Pamela Bannos is an artist and researcher who utilizes methods that highlight the forgotten and overlooked, exploring the links between visual representation, urban space, history, and collective memory. Bannos art practice splits its focus between pictures that reinterpret found imagery and site-specific investigations that result in web-based projects or on-site installations. She has exhibited her work nationally and internationally, including in solo exhibitions at the Photographers' Gallery in London, England, and the Edwynn Houk Gallery in New York.

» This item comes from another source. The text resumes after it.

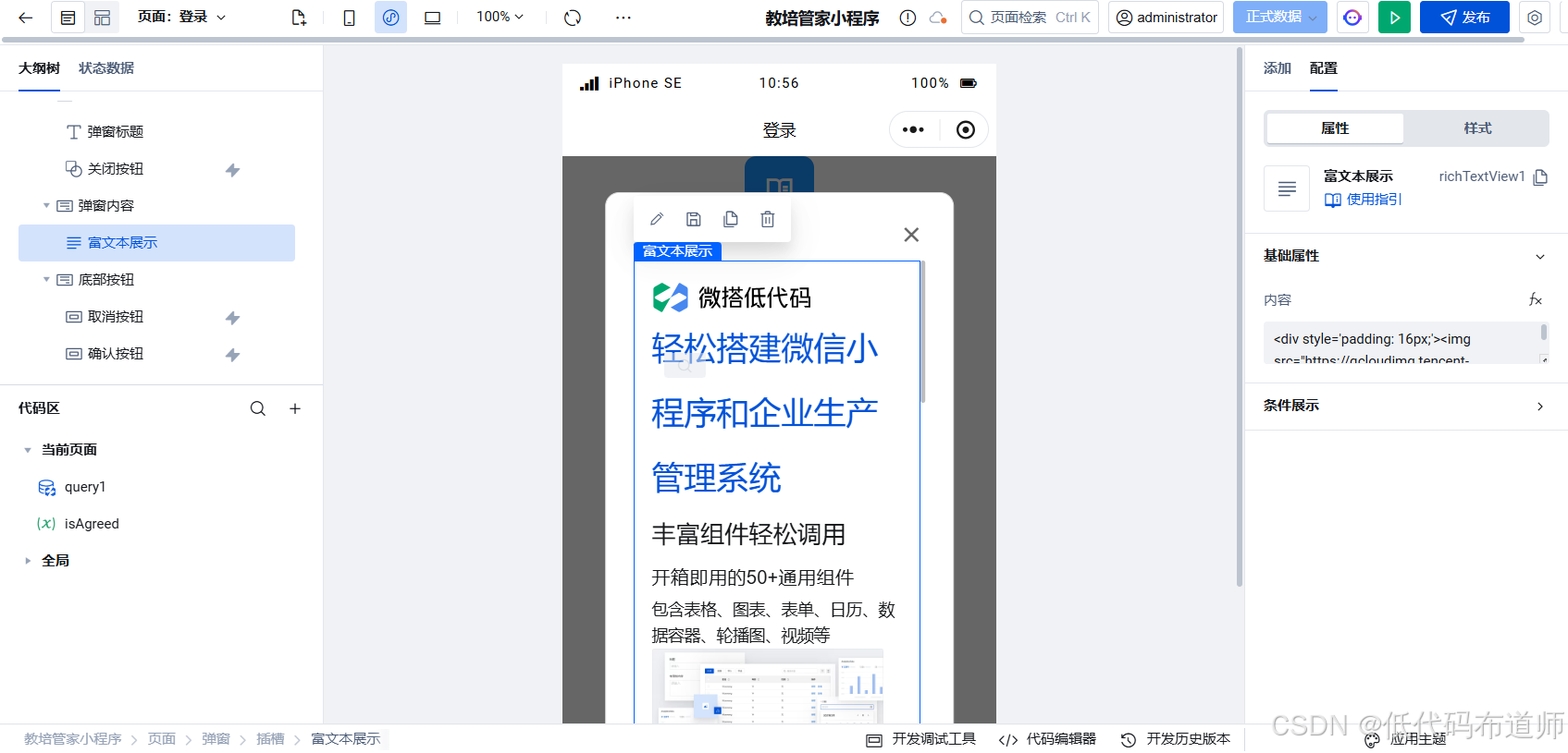 在页面组件中添加弹窗组件,里边添加富文本展示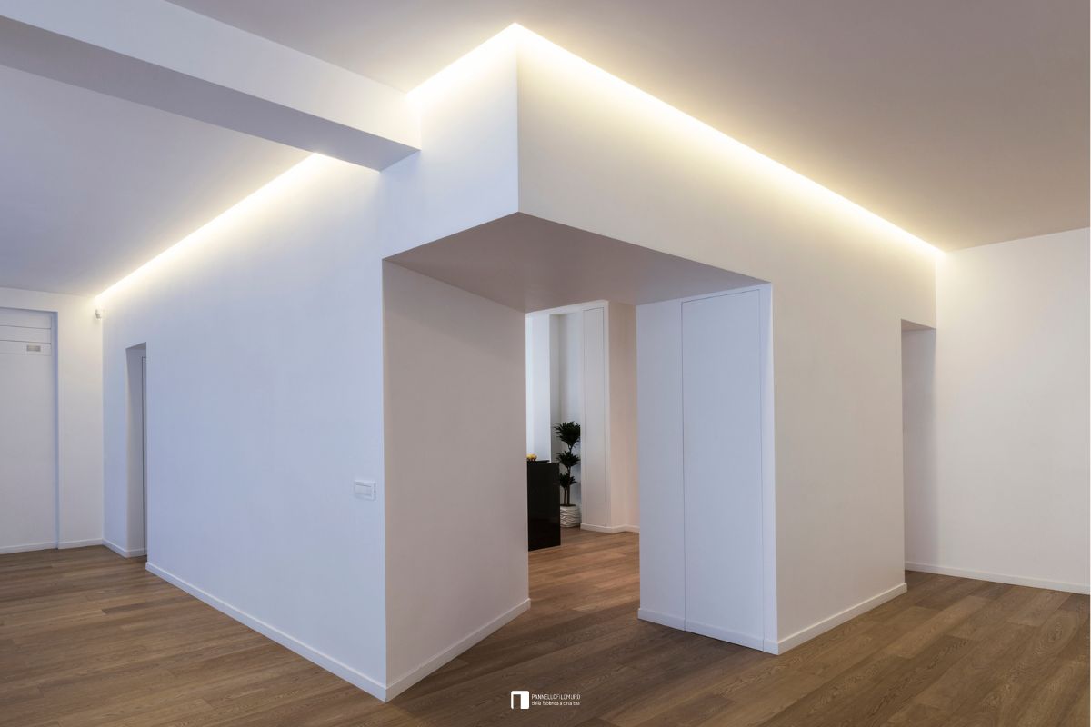 Armadi filomuro 1 anta angolo 45°, con tipo di chiusura premi-apri (nessuna maniglia) e dipinto come la parete per il massimo effetto a scomparsa.

The web-based project, 8th Avenue at 14th Street, examined the physical space within a 19th-century glass negative of a New York City street corner. Hidden Truths, a site-specific and web-based project about Chicago's Lincoln Park introduced questions about how visual evidence does not accurately represent the past, and showed how a lack of such evidence may be literally hiding more historically accurate information. For the group exhibition, “The Way of the Shovel: Art as Archaeology,” at the Museum of Contemporary Art Chicago, Bannos’s project Shifting Grounds, presented an investigation of the history and transformation of the land upon which the MCA sits.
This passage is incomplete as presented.